- Given records
_ _ _ _ _

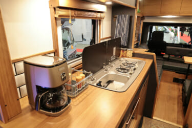 ベンチの下は空洞になっているので収納スペースとして活用できる。奥行きと高さも確保されているので日用品を収納するだけでなく、魅せる収納として活用したい。また、車内右側にはモダンなデザインのテーブルが設置されており、PC作業などのデスクワークにも対応。リラックスするだけでなく、ビジネスモードにも対応することができるのだ。
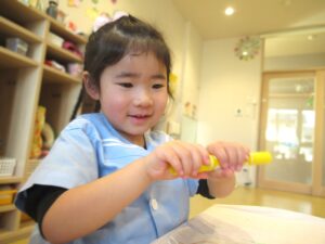 2歳児クラス 2026.2.27 令和7年度 2月の様子「みかん組」 進級に向けてお昼寝を短くしたり、お当番活動を頑張ったり、年少組になることをとても楽しみにしているみかん組さん🍊お友だちと一緒に体を動かしたり、ごっこ遊びで役になりきったり、制作に集中して取り組んだり、様々な表情を見せてくれます♪
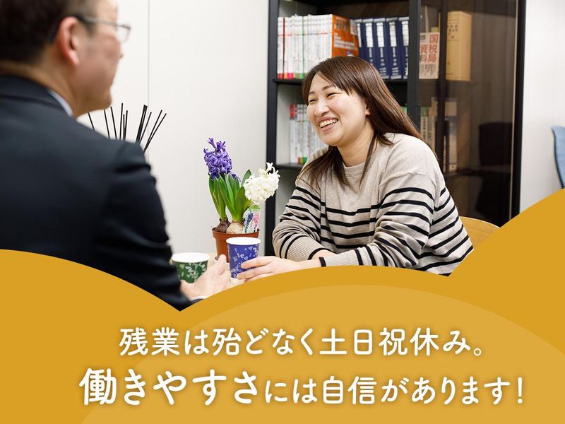 職場環境 【子育てと両立】 土日祝休みで家族との予定もばっちり! 夏季・年末年始休暇も充実です。 有給も月2~3日取得OK!さらに子育て特別休暇で 運動会や参観日など学校行事も優先できます。 お子さんの急な発熱なども柔軟に対応いたします♪
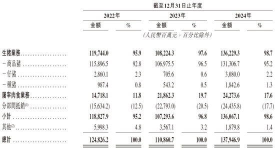 招股书显示,在过去的2022年、2023年和2024年,牧原股份的营业收入分别为人民币1,248.26亿、1,108.61亿和1,379.47亿元,相应的净利润分别为人民币149.33亿、-41.68亿和189.25亿元。
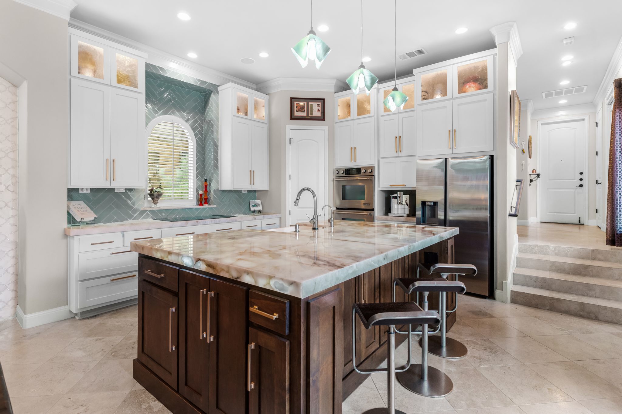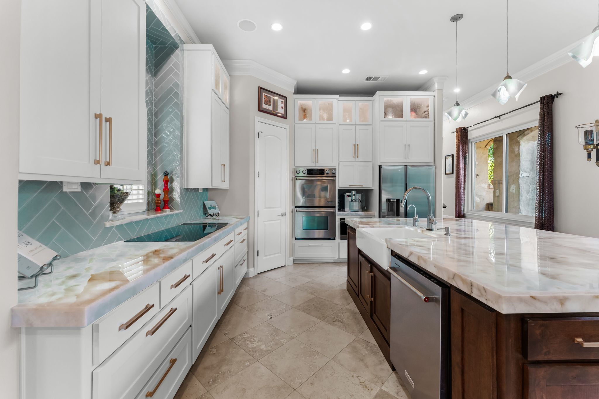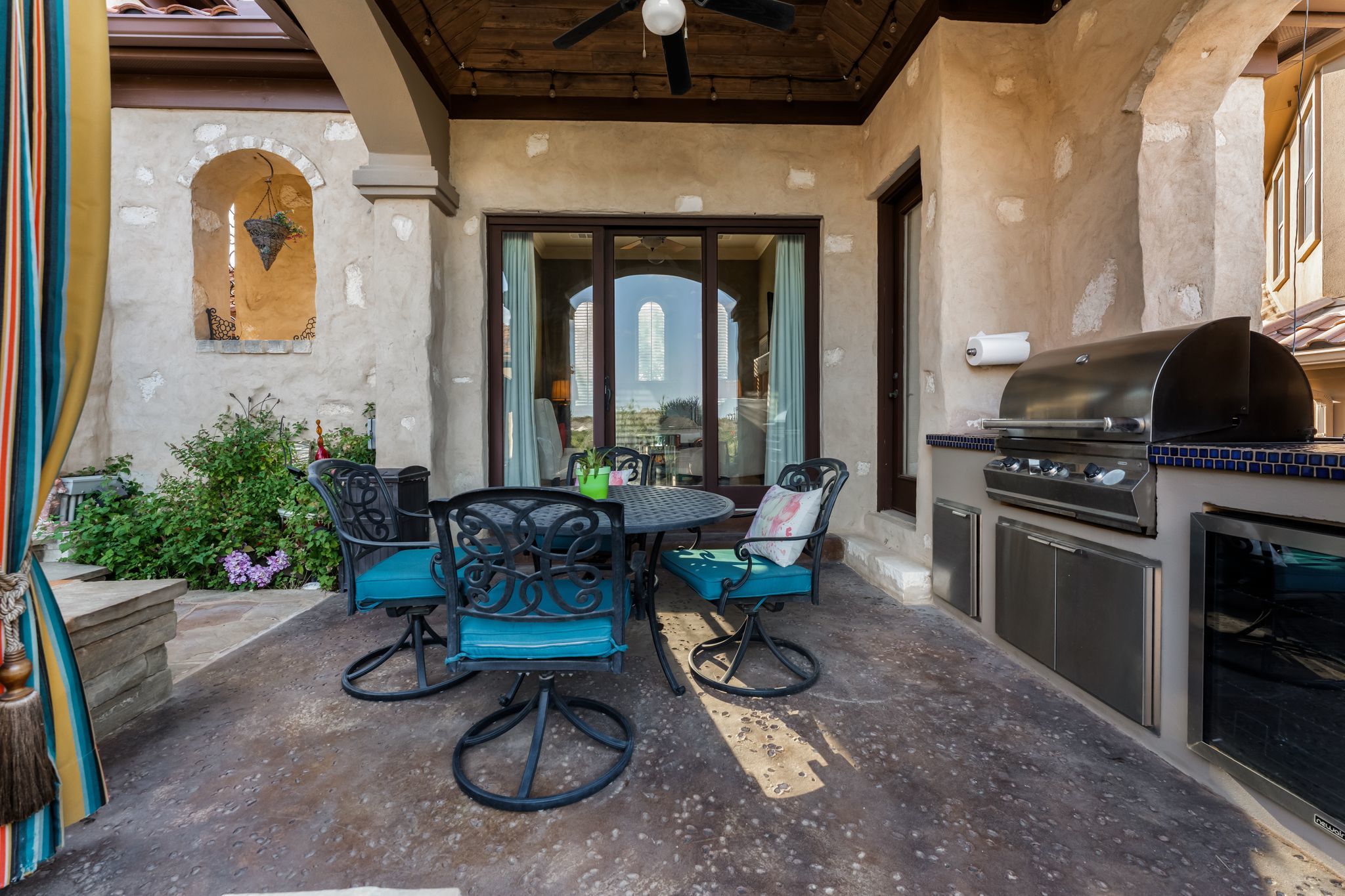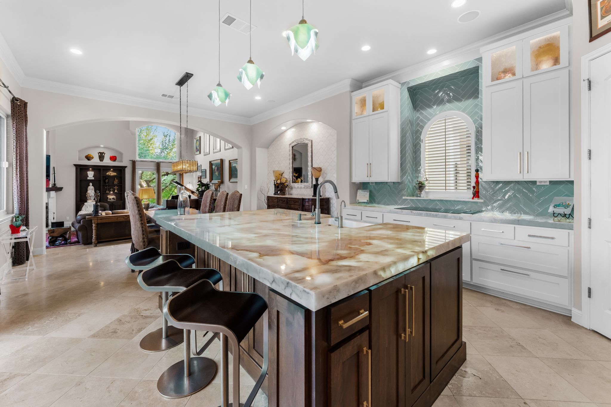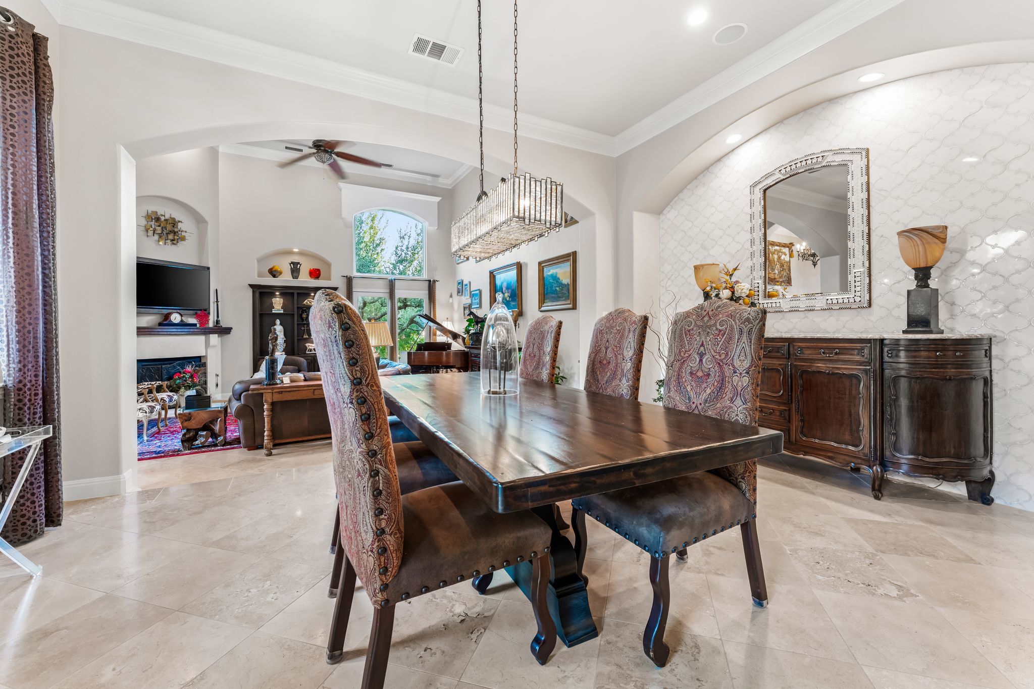 What if your backyard felt like a private resort - and Lake Austin was just a golf cart ride away? Set on a beautifully landscaped 0.4-acre lot in the coveted Lake Pointe community, this Mediterranean-inspired 4-bedroom, 4.5-bath villa pairs timeless architecture with a poolside lifestyle rarely found this close to the water. Inside, soaring ceilings, travertine floors, arched passageways, and a striking domed ceiling give the home a sense of character and warmth. The 2024-remodeled chef’s kitchen is both dramatic and functional, featuring backlit quartzite countertops, custom cabinetry, and an induction cooktop. A well-appointed utility room adds convenience with an ice maker, wine fridge, and additional storage. Designed for entertaining and everyday relaxation, the backyard feels like a private retreat with a heated infinity-edge pool and spa, outdoor kitchen, multiple patios, and mature trees providing privacy and shade. A detached casita with its own en suite bath offers ideal space for guests, extended family, or a quiet home office. Additional highlights include three fireplaces, automatic shades, plantation shutters, Renewal by Andersen windows and doors, zoned HVAC with newer systems (2017 & 2023), a 3-car garage with epoxy floors and built-ins, and a private basketball half-court. Lake Pointe residents enjoy private access to Lake Austin, scenic hiking trails, and Freedom Boat Club dock service, where your boat of choice is delivered directly to the community dock. The neighborhood is also adding two new docks, including a day dock with boat slips and a double-decker swim platform with sunning areas and a trapeze into the lake. Just one mile to Lake Pointe Elementary, a quick golf cart or e-bike ride to the lake, five minutes to Whole Foods, H-E-B, and the Hill Country Galleria, and approximately 20 minutes to Downtown Austin. Homes that combine this level of privacy, outdoor living, and lake lifestyle in Lake Pointe rarely come along.

_ _ _ _ _

- Exercise goal
When copying from the data above, print only the lines from the line containing "職場環境 【子育てと両立】 土日祝休みで家族との予定もばっちり!" to the line containing "招股书显示,在过去的2022", exactly, and leave the pictures out.

- Worked solution
 職場環境 【子育てと両立】 土日祝休みで家族との予定もばっちり! 夏季・年末年始休暇も充実です。 有給も月2~3日取得OK!さらに子育て特別休暇で 運動会や参観日など学校行事も優先できます。 お子さんの急な発熱なども柔軟に対応いたします♪
 招股书显示,在过去的2022年、2023年和2024年,牧原股份的营业收入分别为人民币1,248.26亿、1,108.61亿和1,379.47亿元,相应的净利润分别为人民币149.33亿、-41.68亿和189.25亿元。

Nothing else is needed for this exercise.